Additional to mimicking the original distribution to provide one dataset, we aim to provide a realistic dataset that is safe in terms of anonymity but supports methodological research in economic and social sciences and social statistics considering the items above. The data resource will be accompanied by a database indicating use and applications of the dataset.

2 AMELIA Platform

2.1 Methods

Within the AMELI project, the aim was to produce a synthetic but realistic dataset based on EU-SILC variables that allows investigating and further developing statistical methods for estimating poverty and social exclusion. Further, while mimicking the underlying real distributions, rare variable combinations should not be resampled or duplicated to avoid disclosure risks.

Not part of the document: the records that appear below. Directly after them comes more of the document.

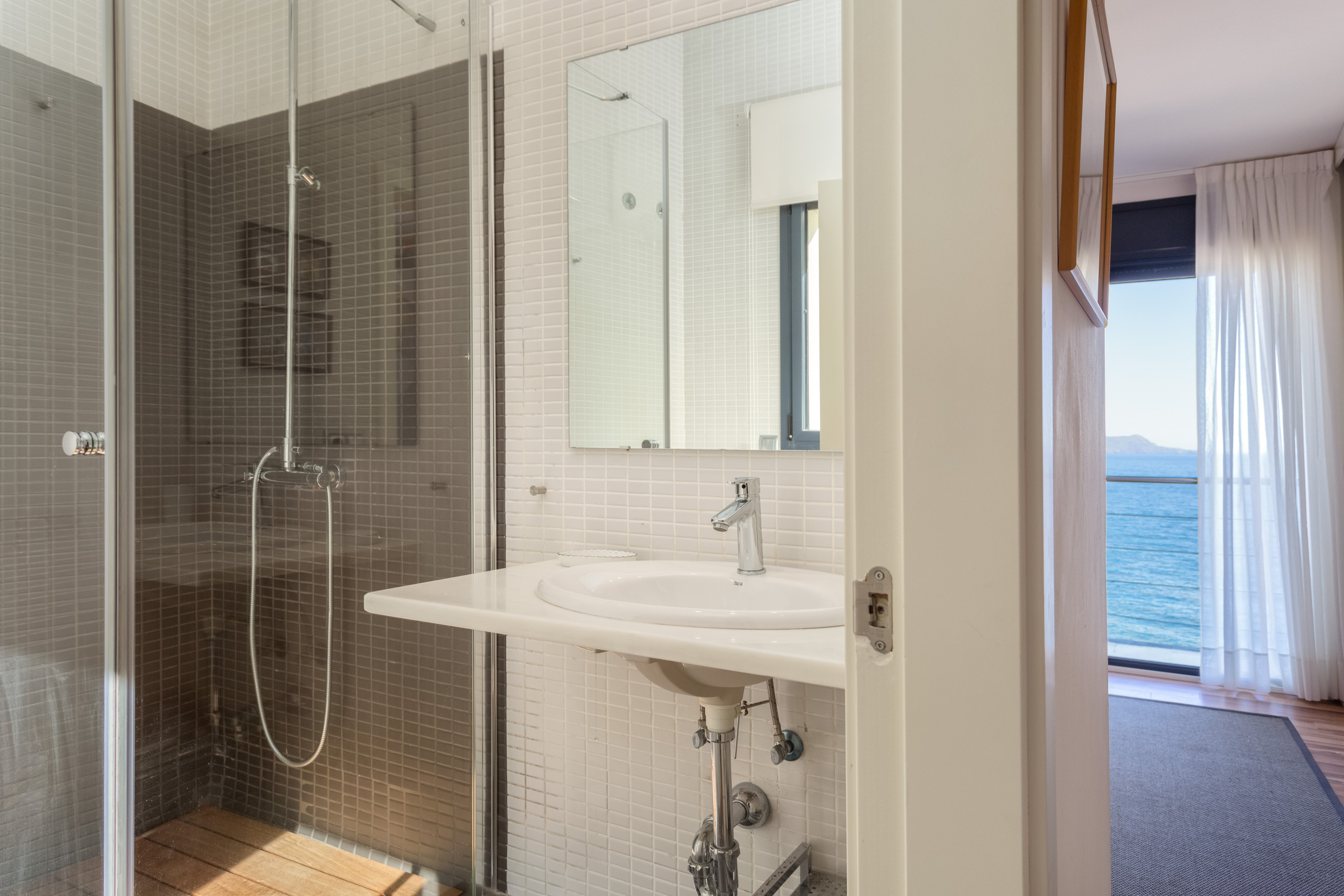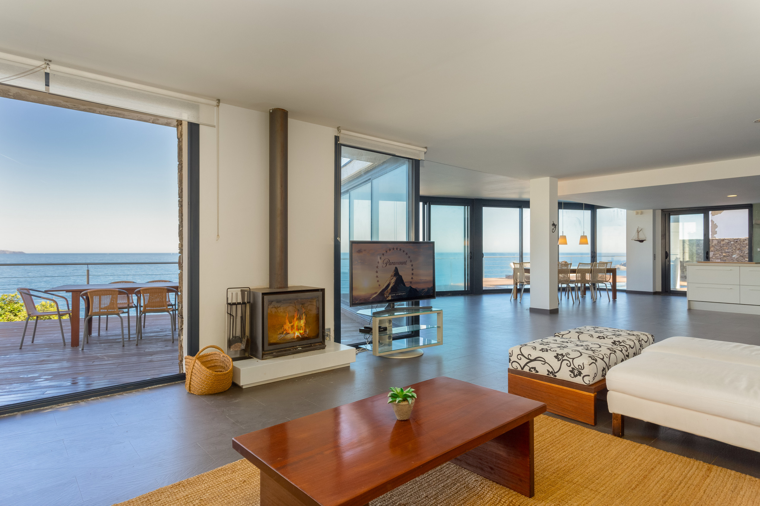Bellissima abitazione distribuita su due piani collegati tramite ascensore dal garage. Al piano nobile ci accoglie un imponente soggiorno, con una cucina a vista completa e pareti in vetro con solo il mare come vista meravigliosa. Ampio divano, falò, tavolo per tutti i commensali e tutto il necessario per godersi comodamente il soggiorno. Le finestre danno accesso diretto all'area esterna, un'accogliente terrazza con vista, dotata di due zone pranzo, una più appartata, ideale per la colazione e un'altra con un grande tavolo per più commensali che ci invita a condividere piacevoli cene con magnifici tramonti . Una spettacolare piscina con lettini e zona divani.
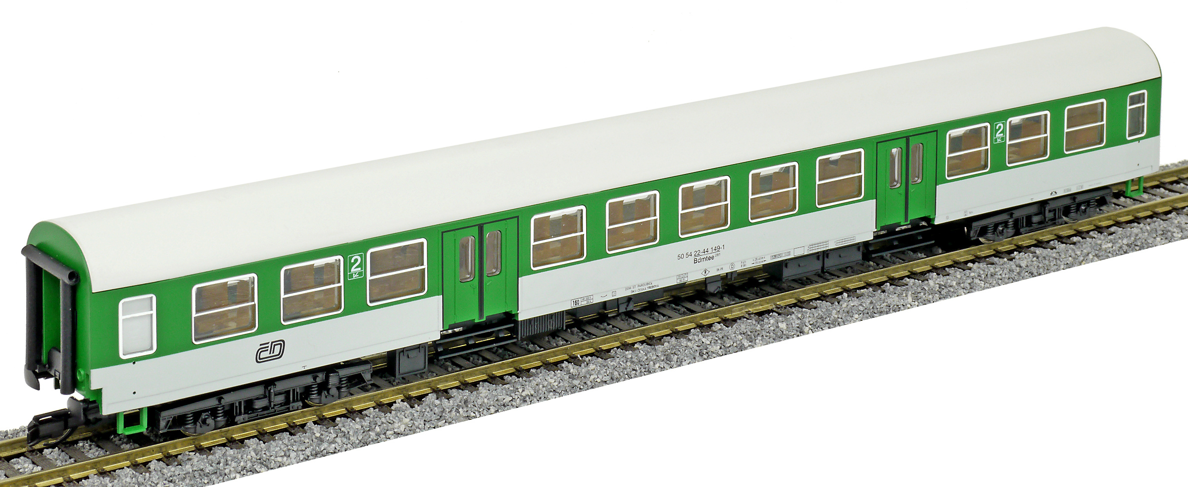 | rychlíkový vůz zelený-bílý se světle šedou střechou 2. tř. |
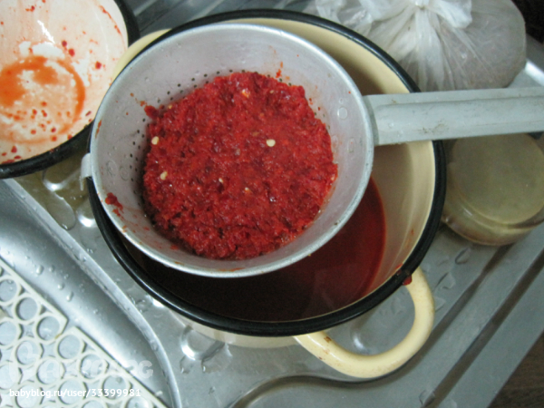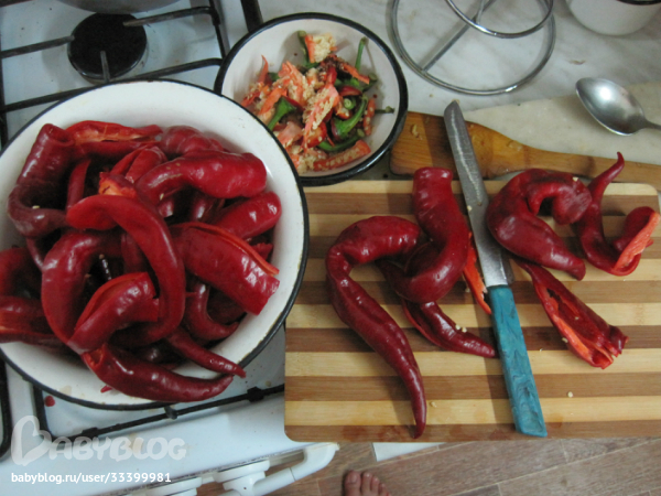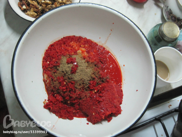 Тут есть болгарских перец, но нет семян укропа. Тетушка делает с семянами укропа и с болгарским перцем. Перец перемалывает весь, закладывает в навлочку, завязывает и подвешивает на ночь стекать. С него очень много жидкости выходит. Вкус получается более нежный.
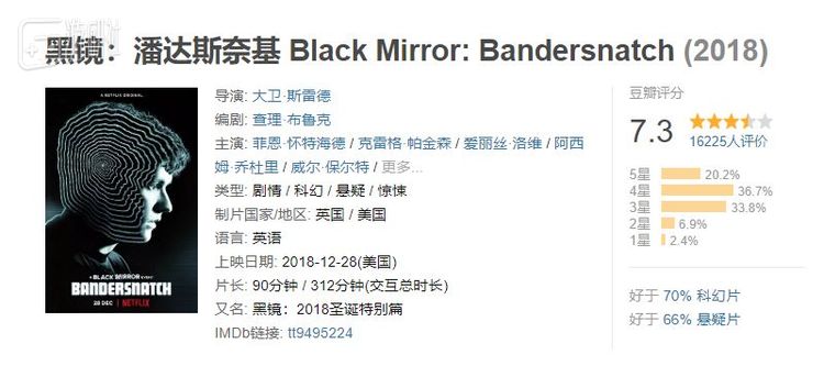 先前一直有“自从Netflix接手了《黑镜》系列后,它就跌下了神坛”的评价,Netflix这次把尝试交互式电影的机会给《黑镜:潘达斯奈基》,很可能也是想让它借此打个翻身仗。
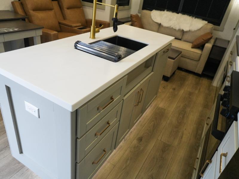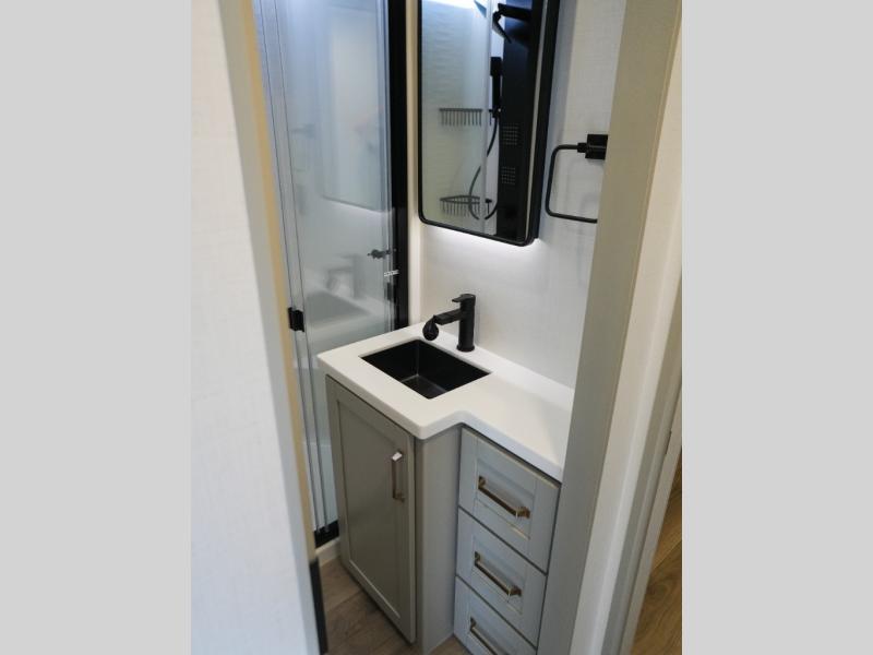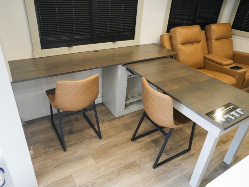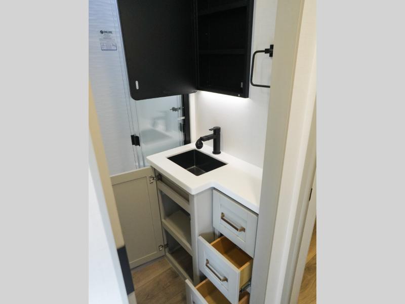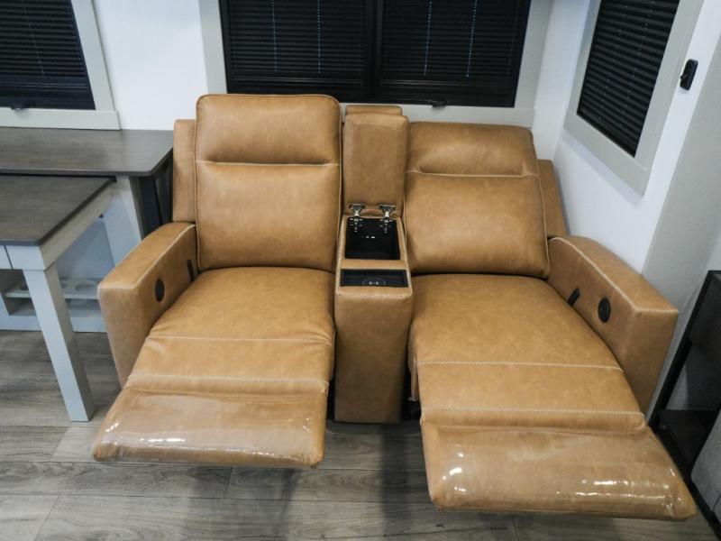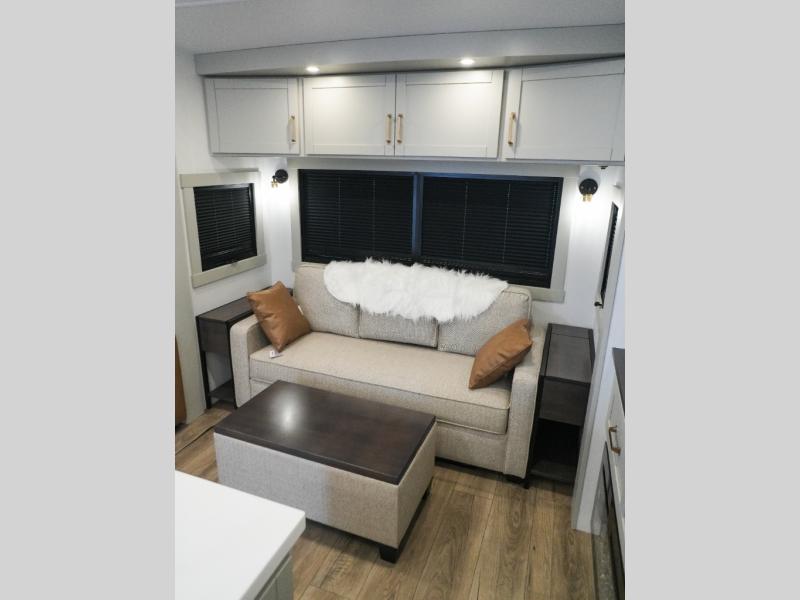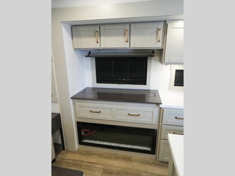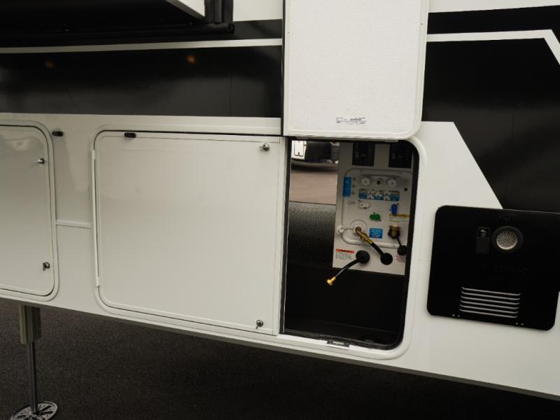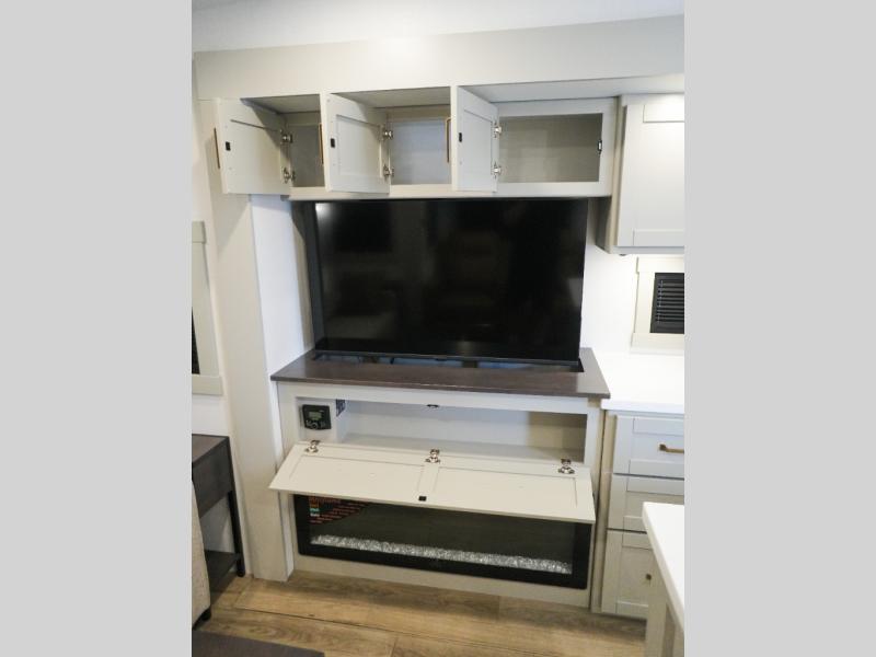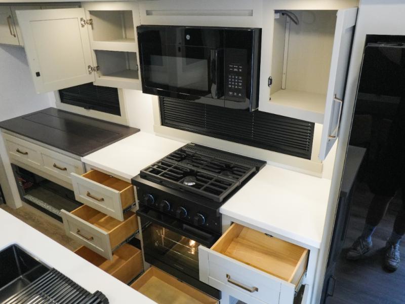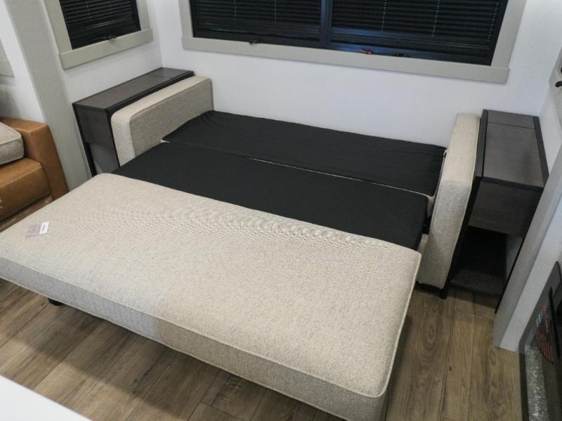 This Model Z luxury fifth wheel is bright and modern on the inside, with loads of amenities that will have you dreaming of your next trip! Enter and find a spacious combined living/kitchen space thanks to dual opposing slides. There is ample seating with a sliding desk/dining table, 62" theater seating, and a 72" tri-fold sofa along the rear wall. You can easily relax and enjoy the 50" Smart telescoping TV with a cozy fireplace below. The kitchen offers all that you need to prepare and cook meals just like home with a 16 cu. ft. refrigerator for your perishables, a 30" microwave oven, and three burner range top and oven. You will love the integrated spice rack, and the kitchen island all outfitted with dog bowls and double pull out trash bins with an integrated Stow 'N Go paper towel holder. There is also an 84" pantry with adjustable shelves for all of your canned and dry goods. Head up the steps to a private master suite with king bed slide. You can opt for the queen bed if you like. A sliding dresser top features hidden storage which is perfect for jewelry and other personal belongings. The front wardrobe features mirrored doors and the corner closet has been prepped for a stackable washer and dryer if you choose to add that option. Relax and enjoy a large bath featuring a linen cabinet, a 30" x 42" shower, and vanity with sink, plus medicine cabinet.
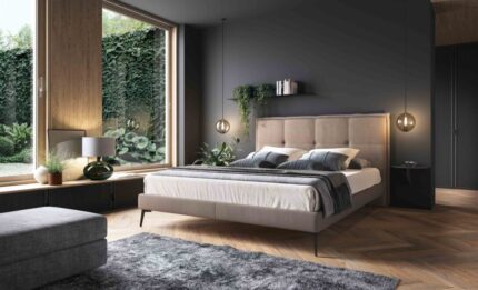 The Ariana upholstered bed features a slim and graceful silhouette, highlighted by exceptionally high legs measuring 17 cm, which give the design a light and elegant appearance while allowing for easy cleaning underneath the bed.

The main purpose of the AMELIA dataset is to foster comparing different survey methods and to assess reproducibility which are not only relevant for journal reviewers and editors, but also for validation and comparison within the scientific community. Synthetic data should reflect the properties of the underlying microdata, like the hierarchical structure of households within communities and regions. The process of synthetic data generation invokes the preservation of the original correlation between variables as well as the realistic heterogeneity between and within hierarchical levels. There are manifold methods to create synthetic universes. Amongst others, these techniques are described in Münnich et al. (2003), Münnich and Schürle (2003), Kolb (2012) and Alfons et al. (2011b) as well as in microsimulation literature like Lovelace and Dumont (2016) and Rahman and Harding (2016). An established method to create synthetic universes beside regression modelling is called synthetic reconstruction which is drawing from conditional distributions (Huang and Williamson 2001). These distributions can be deduced from census tables. Several statistics vary considerably for heterogeneous populations (Burgard and Münnich 2010). Therefore, it is important that this heterogeneity is also reflected in the synthetic dataset.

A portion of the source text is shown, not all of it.